We must stop trying to be accepted and understood by this culture and start shocking them with our willingness to go the second mile, our willingness to stand by them and suffer with them, especially when we don’t have to. Christians say that they love the people in the world but Jesus said, “Greater love has no man than this, to lay his life down for his friends.” Maybe we have failed in this because our faith is more about us than we care to admit? Maybe we have been so worried about our polished morality, that we failed to see our friend suffering next to us? Maybe we are a member of the “iChurch”? Maybe my wounds, regardless of where the originated, will be healed when I seek to heal someone else’s? Maybe my life will make sense when I make it about someone else’s? Maybe I will finally receive joy when I seek to make someone else happy?
Jesus chose to call us friends while we were still at war with Him, if I say that I want to be like Jesus then I must not wait for someone to agree with me before I will call them a friend. There is one thing true about selfish people, they want to be loved and needed. They want fulfillment, they want a sense purpose and a sense of belonging. When I allow my life to be Jesus with skin on, I find it easy to meet these needs.

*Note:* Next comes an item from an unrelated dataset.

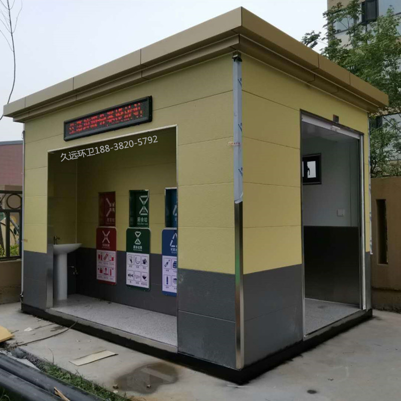 垃圾分類定時定點收集站廠家直銷——久遠環衛是一家集研發生產、銷售服務為一體的大型環衛設備生產企業,公司注冊資金5000萬元,占地面積50余畝,擁有現代化生產車間1萬余平方米,辦公面積1000余平方米,在職員工200多人,具有雄厚的技術及生產實力。 公司主要生產垃圾壓縮中轉站、垃圾分類收集房、環保移動公廁、各類垃圾桶果皮箱、環衛工具箱、環衛道班房、崗亭、休閑座椅、等公共環衛設施。

It matters not whether the culture accepts us or rejects us, we have made a choice to live for a world that is not yet present. They may think us foolish to do so, but let them think these things while watching us serve and suffer with them instead of fighting with them over pointless theological issues. The only way an “iCulture” breaks down, is when the culture itself fails its citizens, and then true Church is there to pick up the pieces and heal broken hearts. But the Church needs to heal itself first. She needs to reach out and weep with those who weep and rejoice with those who rejoice. Either way it is a gesture that is unfamiliar with the letter “I”, and more familiar with being Jesus to someone else. The moments where I am most like Jesus are the moments where life is not about me. Luke 22:27 “For who is greater, the one who is at the table or the one who serves? Is it not the one who is at the table? But I am among you as one who serves.” ~Jesus of Nazareth
I have decided to reject introverted Christian ideals that magnify my vices and virtues. When I make the choice to actually believe what I say I believe, I begin to understand the blessings hidden within my professions. To generically believe the Bible is one thing, to experience it in action through your own hands and feet are another. Concerning “iCulture” it is better to give than receive.